Activity:
In the entries that follow, the first line to write out is the one containing "商品标题:国保M103-E2", and the last is the one containing "Maak kennis met". Reproduce that stretch exactly, with nothing before or after it.

Source material:
%%
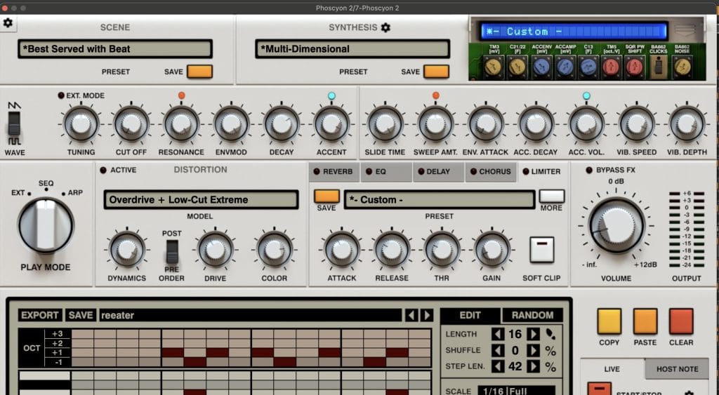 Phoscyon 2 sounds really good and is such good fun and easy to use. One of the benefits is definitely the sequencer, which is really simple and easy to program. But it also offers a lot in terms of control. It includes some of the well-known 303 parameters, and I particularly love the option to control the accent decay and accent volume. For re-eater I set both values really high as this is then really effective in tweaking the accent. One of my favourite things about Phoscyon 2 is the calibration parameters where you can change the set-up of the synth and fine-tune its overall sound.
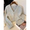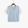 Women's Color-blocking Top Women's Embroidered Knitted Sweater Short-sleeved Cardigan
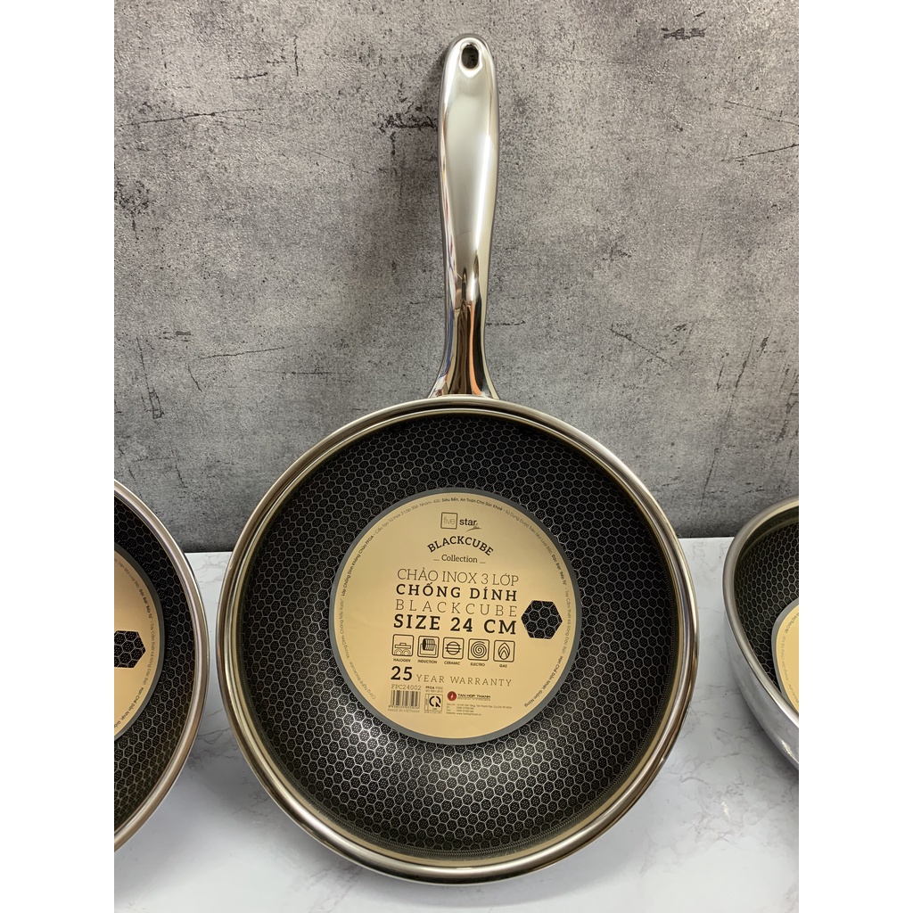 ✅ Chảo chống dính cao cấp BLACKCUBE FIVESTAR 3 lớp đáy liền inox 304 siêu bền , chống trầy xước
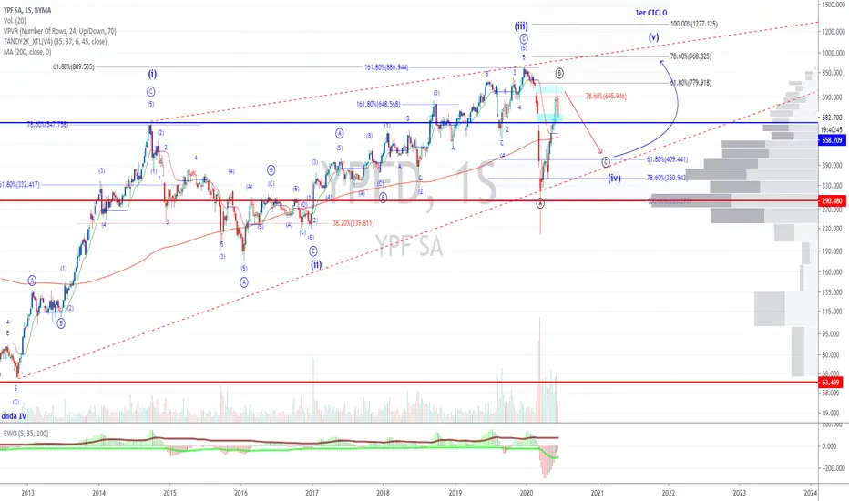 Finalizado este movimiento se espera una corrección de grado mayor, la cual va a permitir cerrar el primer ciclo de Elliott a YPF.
%%
%%
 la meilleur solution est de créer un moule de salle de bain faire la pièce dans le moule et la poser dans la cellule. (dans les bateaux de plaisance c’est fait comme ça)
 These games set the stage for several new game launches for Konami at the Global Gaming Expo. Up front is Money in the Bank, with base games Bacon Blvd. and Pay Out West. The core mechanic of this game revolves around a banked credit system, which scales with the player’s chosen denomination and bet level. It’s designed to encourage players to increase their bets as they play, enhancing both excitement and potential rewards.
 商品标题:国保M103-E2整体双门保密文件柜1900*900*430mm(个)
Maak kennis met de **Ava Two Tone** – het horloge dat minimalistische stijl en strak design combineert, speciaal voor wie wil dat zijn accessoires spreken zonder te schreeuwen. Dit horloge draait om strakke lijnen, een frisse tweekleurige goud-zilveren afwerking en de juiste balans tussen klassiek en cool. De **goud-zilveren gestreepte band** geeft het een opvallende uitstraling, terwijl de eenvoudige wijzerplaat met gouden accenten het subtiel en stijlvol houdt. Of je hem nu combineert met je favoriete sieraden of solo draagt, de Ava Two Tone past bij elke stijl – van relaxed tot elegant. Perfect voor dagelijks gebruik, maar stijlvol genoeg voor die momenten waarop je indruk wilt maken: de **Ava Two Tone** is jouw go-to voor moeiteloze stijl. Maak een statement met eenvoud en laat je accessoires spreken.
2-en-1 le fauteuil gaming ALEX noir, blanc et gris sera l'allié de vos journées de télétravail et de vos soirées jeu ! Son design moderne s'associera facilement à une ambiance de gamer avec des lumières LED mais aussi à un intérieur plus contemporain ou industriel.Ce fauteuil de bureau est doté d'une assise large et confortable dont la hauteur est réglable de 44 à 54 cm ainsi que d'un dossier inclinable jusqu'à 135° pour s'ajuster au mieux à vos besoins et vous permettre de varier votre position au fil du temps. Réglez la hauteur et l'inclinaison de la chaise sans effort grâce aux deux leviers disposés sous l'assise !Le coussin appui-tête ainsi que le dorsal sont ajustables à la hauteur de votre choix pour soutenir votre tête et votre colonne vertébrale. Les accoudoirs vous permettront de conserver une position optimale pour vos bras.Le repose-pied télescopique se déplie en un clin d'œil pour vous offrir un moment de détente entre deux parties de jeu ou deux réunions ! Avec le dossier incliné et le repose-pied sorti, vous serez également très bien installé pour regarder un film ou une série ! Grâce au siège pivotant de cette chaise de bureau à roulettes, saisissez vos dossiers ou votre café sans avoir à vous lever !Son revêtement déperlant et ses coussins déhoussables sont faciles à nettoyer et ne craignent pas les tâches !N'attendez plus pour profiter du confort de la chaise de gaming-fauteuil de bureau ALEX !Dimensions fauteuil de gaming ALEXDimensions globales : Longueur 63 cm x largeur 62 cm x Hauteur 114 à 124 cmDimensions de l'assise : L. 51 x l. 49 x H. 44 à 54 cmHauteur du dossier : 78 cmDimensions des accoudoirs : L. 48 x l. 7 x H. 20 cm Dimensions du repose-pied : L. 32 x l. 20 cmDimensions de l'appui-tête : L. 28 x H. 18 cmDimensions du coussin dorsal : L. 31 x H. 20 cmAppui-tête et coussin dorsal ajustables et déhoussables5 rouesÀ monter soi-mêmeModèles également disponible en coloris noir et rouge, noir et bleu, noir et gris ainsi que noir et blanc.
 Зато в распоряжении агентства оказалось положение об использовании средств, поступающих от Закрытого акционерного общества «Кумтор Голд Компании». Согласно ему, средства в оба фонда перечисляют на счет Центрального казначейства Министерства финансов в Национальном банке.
%%
%%
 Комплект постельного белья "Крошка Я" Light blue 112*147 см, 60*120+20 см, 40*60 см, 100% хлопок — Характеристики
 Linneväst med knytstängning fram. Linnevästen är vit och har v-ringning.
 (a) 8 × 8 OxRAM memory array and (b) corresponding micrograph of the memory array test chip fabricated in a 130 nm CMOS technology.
%%
Answer box:
 商品标题:国保M103-E2整体双门保密文件柜1900*900*430mm(个)
Maak kennis met de **Ava Two Tone** – het horloge dat minimalistische stijl en strak design combineert, speciaal voor wie wil dat zijn accessoires spreken zonder te schreeuwen. Dit horloge draait om strakke lijnen, een frisse tweekleurige goud-zilveren afwerking en de juiste balans tussen klassiek en cool. De **goud-zilveren gestreepte band** geeft het een opvallende uitstraling, terwijl de eenvoudige wijzerplaat met gouden accenten het subtiel en stijlvol houdt. Of je hem nu combineert met je favoriete sieraden of solo draagt, de Ava Two Tone past bij elke stijl – van relaxed tot elegant. Perfect voor dagelijks gebruik, maar stijlvol genoeg voor die momenten waarop je indruk wilt maken: de **Ava Two Tone** is jouw go-to voor moeiteloze stijl. Maak een statement met eenvoud en laat je accessoires spreken.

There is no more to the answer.